Joseph’s reputation for being able to restore antique clocks and watches spread as far as the Old Country. Upon hearing of this remarkable clocksmith and fellow collector on the other side of the world, A.C. Jackson, a London collector of extremely rare and valuable timepieces, tested him with a Quarter Repeater by the great Thomas Tominion, then two by Daniel Quare, followed by pieces fashioned by Edward East, personal watchmaker to His Royal Highness Charles I, and a Thomas Earnshaw chronometer. All of which would suggest that Joseph Miller Brown proved himself worthy of Jackson’s having entrusted him with these priceless antiques.
(King Charles’s watch, incidentally, had just one hand and was a so-called half-spring model that required rewinding every 15 hours as it utilized cat-gut for its driving mechanism.)
Miller wrote articles on antique timepieces for trade journals and magazines that were published as far afield as London, New York and Philadelphia. The awards had begun coming in as early as 1902, when he won four firsts at exhibitions in Nanaimo, Victoria and New Westminster. The following year he made a stem-winding and jewelled lever watch from two Canadian 50-cent pieces. Its movement was coined (literally) from two English half-crowns bearing the head of King Edward VII on the face and the royal standard on the reverse. This magnificent effort won him a gold medal in England.

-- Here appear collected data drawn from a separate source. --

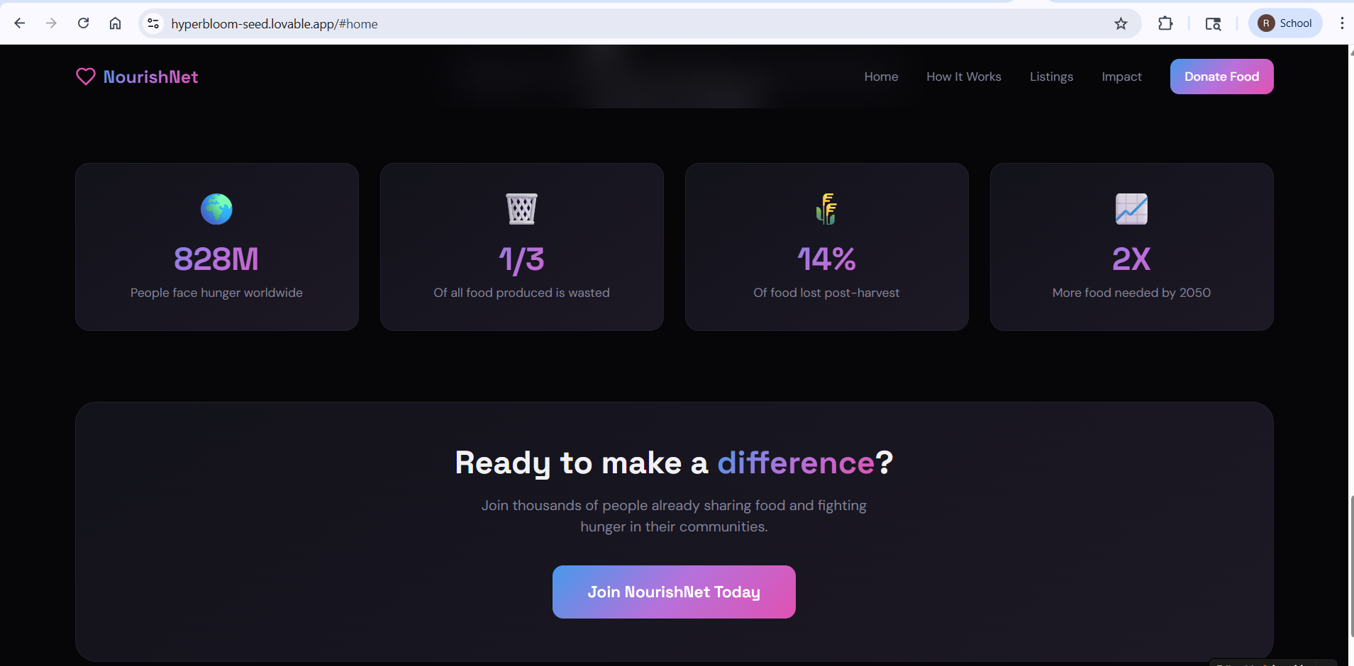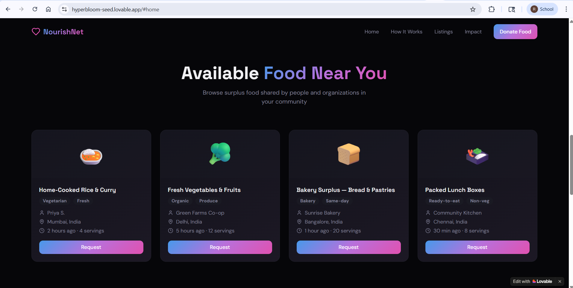 Every day, huge amounts of edible food go to waste while millions struggle to get a single meal. This imbalance motivated us to build a community-driven solution that connects donors and recipients efficiently.
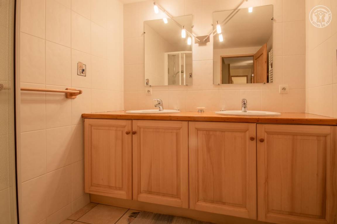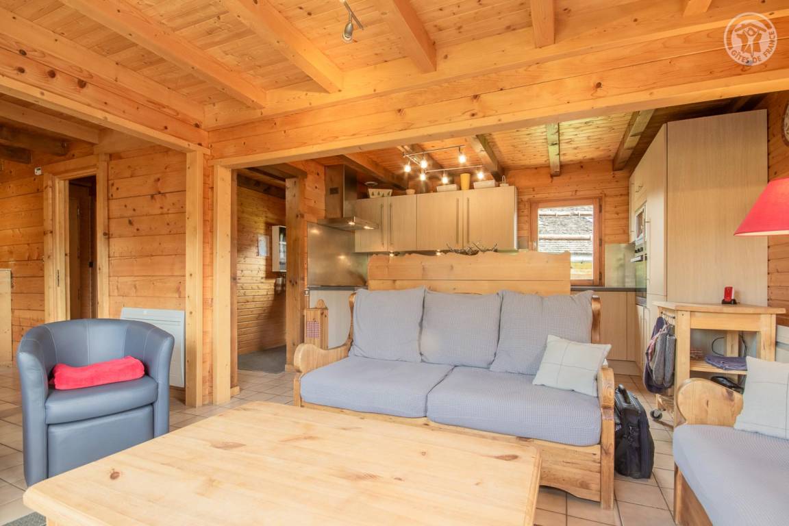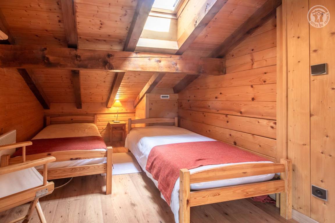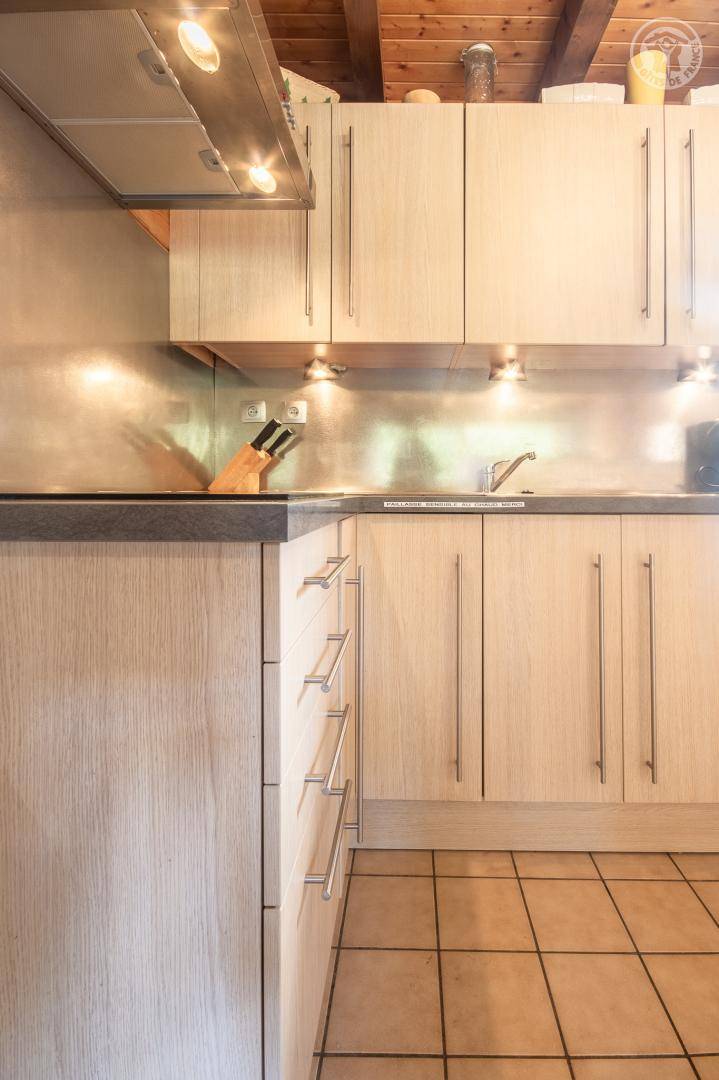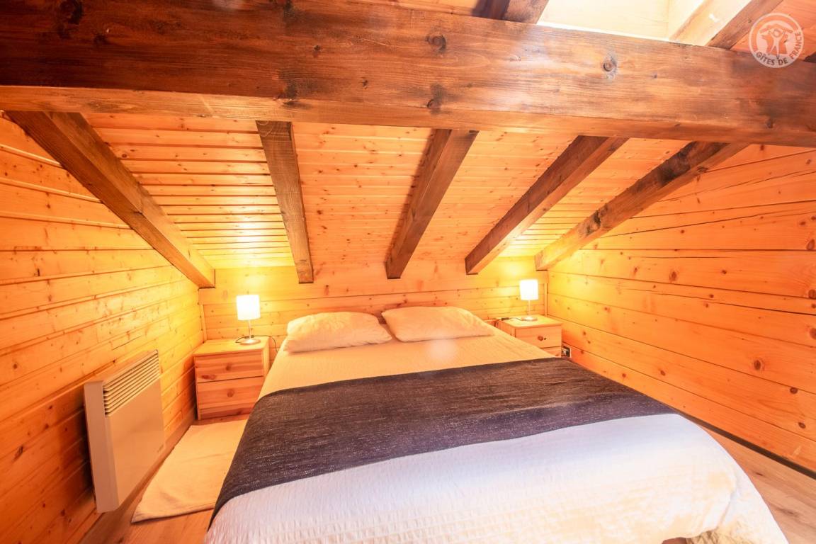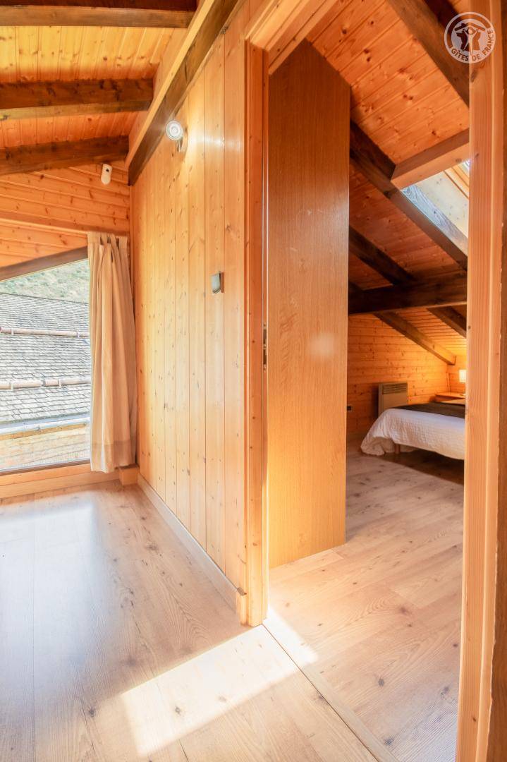 Individuelles Chalet. Im Erdgeschoss: Wohnzimmer - Wohnzimmer - Küche mit Zugang zu einem Balkon mit Terrasse, WC, Garage für Fahrräder und Motorräder. Obergeschoss minus 1: Badezimmer (Dusche), WC, 2 Schlafzimmer (1 Doppelbett 160x190cm / 1 Doppelbett 160x190cm), Waschküche. Im 1. Stock: 2 Schlafzimmer unter der Schräge (1 Doppelbett 160x190 cm / 1 Doppelbett 160x190 cm und 2 Einzelbetten 90x190 cm), Badezimmer (Badewanne) unter der Schräge. Privates, nicht eingezäuntes Grundstück.
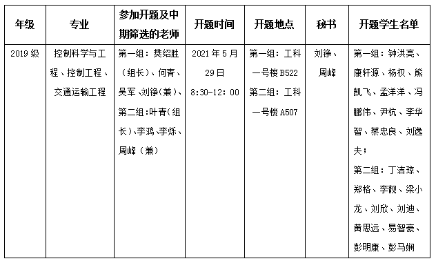 控制科学与工程、控制工程学科一组和交通运输工程组开题及中期筛选考核安排已公示,请大家提前填写好《taptap点点体育研究生论文开题报告表》与《研究生中期筛选考核评定表》,做好答辩准备。
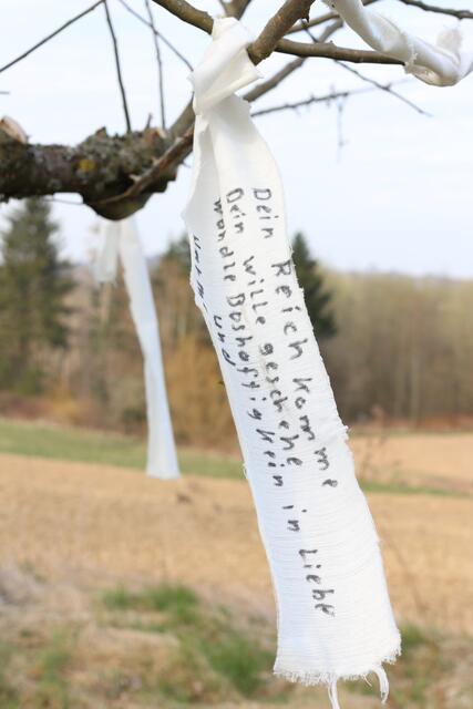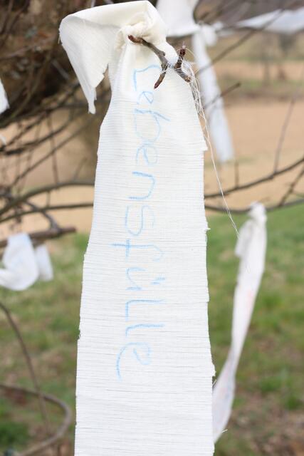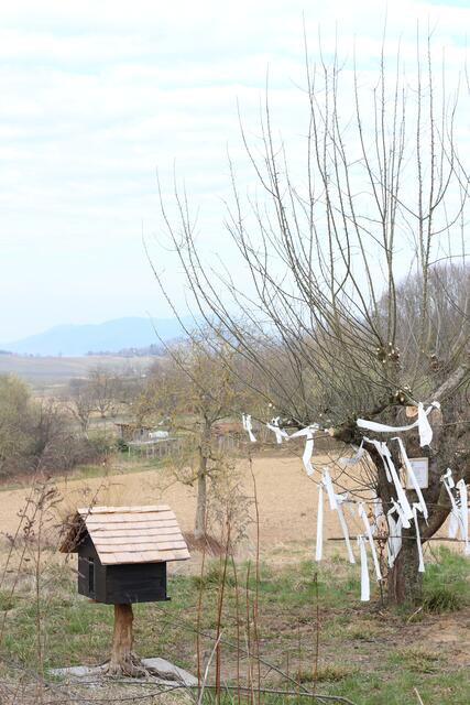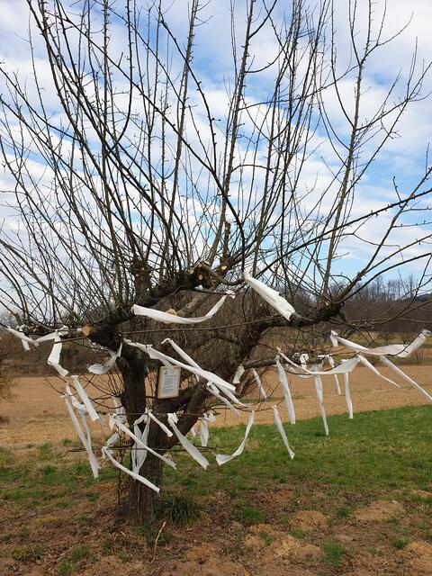 Ganz langsam erwacht die Natur und lädt zu einem Spaziergang ein. In Oberschopfheim, im TINA-Natur-Park gibt es wieder neue Ideen. Am Aussichtsplatz beim Bauwagen ist ein Wunschbaum zu finden. Alles ist liebevoll vorbereitet. Von Weitem sieht man schon weiße Fähnchen wehen. Neben dem Baum ist ein kleines Häuschen errichtet. Öffnet man das Türchen, so findet man weiße Bänder, Farbstifte und Schere. Ein Herzenswunsch kann auf ein Band geschrieben und am Baum befestigt werden. Der Wind trägt den Wunsch weiter und auch die Hoffnung, dass dieser Wunsch in Erfüllung geht. Eine schöne Idee, ein schöner Brauch. Etwas Ähnliches habe ich vor langer Zeit bei einer Türkeireise gesehen. Im antiken Ephesus, heute heißt der Ort Selcuk, wurde die berühmte Celsus-Bibliothek aus römischer Zeit ausgegraben. Am Berg weiter oberhalb dieser Bibliothek befindet sich das Haus der Maria. In diesem restaurierten byzantinischen Haus soll der Überlieferung nach Maria, die Mutter Jesu mit Johannes, dem Jünger Jesu, bis zu ihrem Tode gelebt haben. Dieser Ort ist eine viel besuchte Pilgerstätte für Christen und Muslime. Auch dort werden weiße Wunschfähnchen an die Bäume gehängt. Wünsche haben doch alle Menschen.

He was by no means done. In 1905 he received a Dominion Gold Medal for his “rolling clock” which ran continuously for 35 years without rewinding! A hand-held marine chronometer earned him notice in 1909, followed in the 1920s by what daughter Alexandra Brown termed in 1969 his “last and crowning achievement,” his pocket chronometer being considered the “acid test” of watchmakers as it is “the most accurate and the most intricate of timepieces”.
Three years later, working with his son Albert as Joseph M. Brown & Son, Chronometer and Watchmakers, he was awarded a contract to install a four-faced clock in the new 45-foot-tall post office tower. It first ticked on the stroke of midnight, Jan. 1, 1913. Hardly had it entered service than the explosives carrying S.S. Oscar blew up off Protection Island, the force of the blast causing considerable damage through the city — and stopping Joseph’s clock. He and Albert soon had it functioning again and Joseph serviced it until his retirement, the city landmark giving reliable service until it was removed before the tower’s demolition.
In 1915 the senior Brown installed a clock in the tower of the Port Alberni post office. This time he had to do it without the assistance of son Albert, who’d enlisted and been killed in action.
On March 31, 1942, he was issued the city’s longest continuous trade licence — 59 years.
Through six decades, his daughter noted, the legendary craftsman who’d been termed the finest practical horologist in North America, “never took holidays and never retired. On the night before he died [in December 1942], he was wandering in his mind; propped up in his hospital bed, he thought he was examining and repairing a watch. It was incredible to see the exactness of his fingers, you would have sworn they held a watch as they had been doing all his life.”